Write a poetic genetic sequence
Inject it into a resilient bacterium (say, Deinococcus radiodurans)
Wait for the sun to explode
Christian Bök comes from a “long line of plumbers,” but broke with family tradition to become a controversial and internationally celebrated poet. He is a professor at the University of Calgary, and the author of two books of poetry, Crystallography and Eunoia, as well as a book of literary theory, Pataphysics: The Poetics of an Imaginary Science. A much-lauded performer of sound poetry, he has created conceptual artworks for gallery exhibitions and artificial languages for the television shows Gene Roddenberry’s Earth: Final Conflict and Peter Benchley’s Amazon. Bök is also the anonymous coauthor (with Darren Wershler-Henry) of the Virus 23 Meme, which circulated on the fledgling Internet in 1993. (The meme is a product warning that proclaims itself to be a self-replicating trap, triggered by the very act of reading the warning itself.) Douglas Rushkoff, in his 1994 book Media Virus!: Hidden Agendas in Popular Culture, argued that the philosophy behind this meme/poem represented “the most subversive opinions that a person can hold.”
Bök is best known for Eunoia (published in 2001 by Coach House Books), a text that won the 2002 Griffin Poetry Prize and brought the author international recognition. A series of univocalic lipograms, with each chapter utilizing only a single vowel, Eunoia became the first best-selling book of poetry in Canadian history, and he sparked a brief national debate about whether or not avant-garde poetry was entering the mainstream, heralding a new era of public acceptance of radical poetry. Alas, it did not. A UK edition of Eunoia was published by Canongate in 2008, and went on to become a national bestseller. For a time it was the eighth best-selling book on Amazon.co.uk and competed with Barack Obama’s and Nigella Lawson’s books for pole position on Christmas wish lists.
THE BELIEVER: When you were writing Eunoia, how did you find working within the constraints of that lexicon? Did the constraints actually help you to write the text in some way, or were they simply obstructions?
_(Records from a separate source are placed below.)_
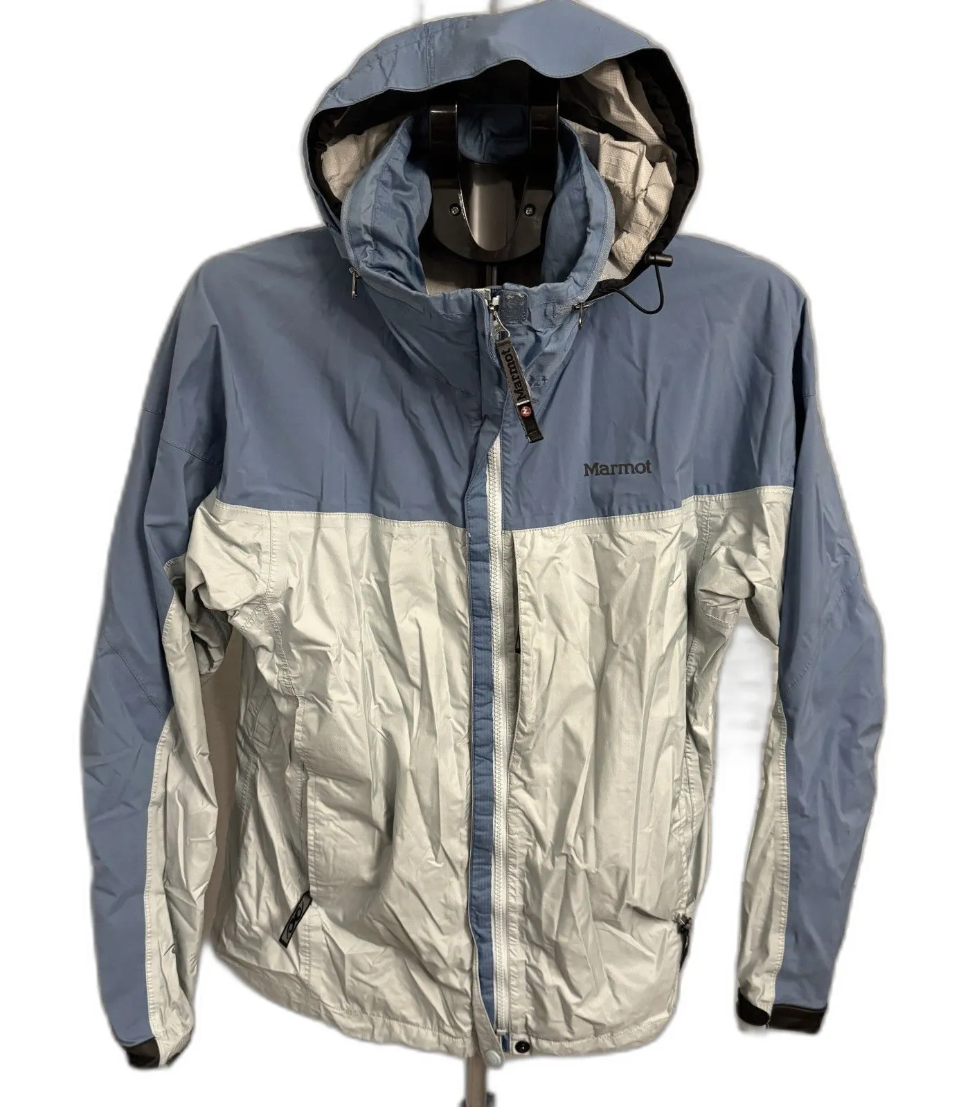 . Has tiny hole on back as pictured. The Marmot Precip Eco Jacket is lightweight, breathable & waterproof. Similar to the Precip Jacket, the Eco is made from recycled material & PFC-Free DWR. The Marmot PreCip Eco Jacket lasts longer than before due to the advanced technology in the microporous coating of the jacket and is small enough to stuff into its own pocket. With an updated fit, DriClime™-lined chin guard wicks away moisture to help prevent chafing, and the same features you know and love from Marmot. Features Marmot® NanoPro™ Waterproof/Breathable Fabric 100% Seam Taped Attached Adjustable Hood that Rolls Into Collar DriClime® Lined Chin Guard PitZips Zippered Hand Pockets Stuffs Into Own Pocket Adjustable Velcro® Cuffs Elastic Drawcord Hem Angel-Wing Movement™ Length: 25" Pit to pit taken flat: 23" Sleeve: 24.5" outdoors, camping, hiking, fishing, boating, rain, windbreaker, waterproof,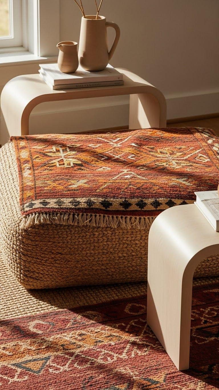 Sculptural tables set the stage; now layer rugs to ground that sculptural drama and add warmth underfoot. You’ll combine an earthy kilim with a neutral, layered sisal for texture contrast and visual depth. Place the kilim slightly off-center over the sisal to define seating, anchor movement, and let each piece breathe. This approach feels free, tactile, and effortlessly curated.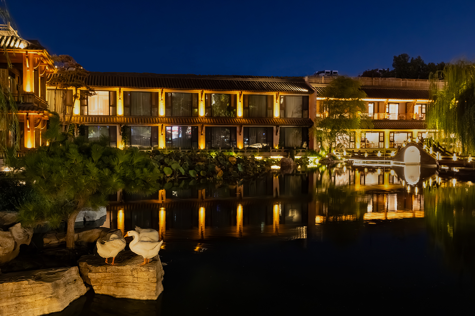 夜晚的舜庐人家,灯火辉煌。荷塘悠悠,小桥流水,静谧安宁。几只白鹅悠闲地伫立石上,梳妆打扮,相互依偎。一派岁月静好。

CHRISTIAN BÖK: Well, the constraints were certainly Herculean, but I would say that, in the end, they were enabling obstructions. They were difficult obstacles to overcome. I found the project very difficult. It was discouraging. I didn’t think that I was actually going to finish it. My friends thought that I had squandered what momentum I had already earned in my career with the release of my first book, Crystallography. They thought that, by wading too deeply into this swamp, I was never going to be able to extricate myself from it. They worried that I had made an exorbitant commitment to a fool’s errand. I worked from eleven o’clock at night until four or five in the morning, six days a week, while holding down two jobs, working sixty hours a week, all the while trying to complete my PhD dissertation. The book constituted a stressful experience in my life, but its publication has resulted in all kinds of support for my practice, and I’ve received a great deal of attention, so I think that the task was probably worth the effort. The project also underlined the versatility of language itself, showing that despite any set of constraints upon it, despite censorship, for example, language can always find a way to prevail against these obstacles. Language really is a living thing with a robust vitality. Language is like a weed that cannot only endure but also thrive under all kinds of difficult conditions. This robustness of language has encouraged me to try even more ambitious projects that might push language to its limits.